Все перестали смеяться. Ерохин повернулся к нам, наморщил загорелый лоб, сдвинул на затылок кубанку с красным верхом, но молчит, И вдруг мы услышали Людин голос:
— Они ведь с желанием идут, Ленка! Что ж ты?!
— «С желанием»! — пожала плечами веснушчатая, протягивая кружку. — Только талоны растеряют, разбирайся потом…
Видно, не такое это простое дело отличить доброго волшебника от злого.
Мы вошли в райком маленькими, «грудняшками», как сказала эта веснушчатая, а вышли полноправными комсомольскими сборщиками, с запечатанными кружками, с лозунгами, двумя булавками, прикрепленными на груди, с контрольными талонами на двадцать миллионов рублей.
Талоны несет Мотька, но кружка висит на брезентовой перевязи у меня через плечо; при каждом шаге я чувствую, как она ударяет по животу.
Мы шагаем сперва медленно, потом скорее и скорее, наконец мчимся во весь дух, чтобы встретить больше прохожих.
У угла переулка мы с разбега налетаем на сухонькую женщину в черной шляпе.
— Ах, вы «просите», — бормочет она, прижимаясь к стене здания. — Но именно так похожие на вас милые молодые люди просят на больших дорогах кошелек или жизнь, и именно так просили когда-то Марию Антуанетту удобнее положить головку на деревянную подушку.
Она выбирается из сугроба и, отряхнув снег, не опустив ни рубля в протянутую кружку, уходит.
— Ах, какое страшное время! — издали доносятся ее слова.
Нет, нелегкое дело «пояснять Огненным словом».
Мы уже часа два на улице. Холодно. Губы одеревенели от ледяного ветра с колючей снежной пылью.
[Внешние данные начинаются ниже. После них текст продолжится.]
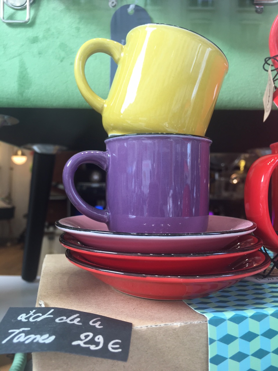 La boutique est lumineuse. La vaisselle colorée s’exprime à merveille dans ce cadre épuré, et il faut bien avouer que tout donne envie. Le couple à l’origine de ce studio de design s’attache a travailler avec des artisans qu’ils connaissent et avec lesquels ils ont établi une véritable relation de confiance.

— Кто это Мария Антуанетта? — с трудом выговаривая слова, спрашивает Мотька.
— Не знаю. Сколько еще талонов?
Мотька перекладывает толстые зеленые листы из одной руки в другую, дуя на побелевшие пальцы.
— Девятнадцать миллионов сто тысяч…
— Ух, как много!
— Много! — уныло соглашается Мотька.
— Значит, и отдыхать не время.
Мы входим в трамвай и, обойдя всех пассажиров, соскакиваем на полном ходу, когда вагон, неистово звеня, словно подбадривая себя, по оледенелым рельсам несется под гору, мимо храма Христа-спасителя.
В сугроб — и, сразу поднимаясь на ноги, в следующий вагон.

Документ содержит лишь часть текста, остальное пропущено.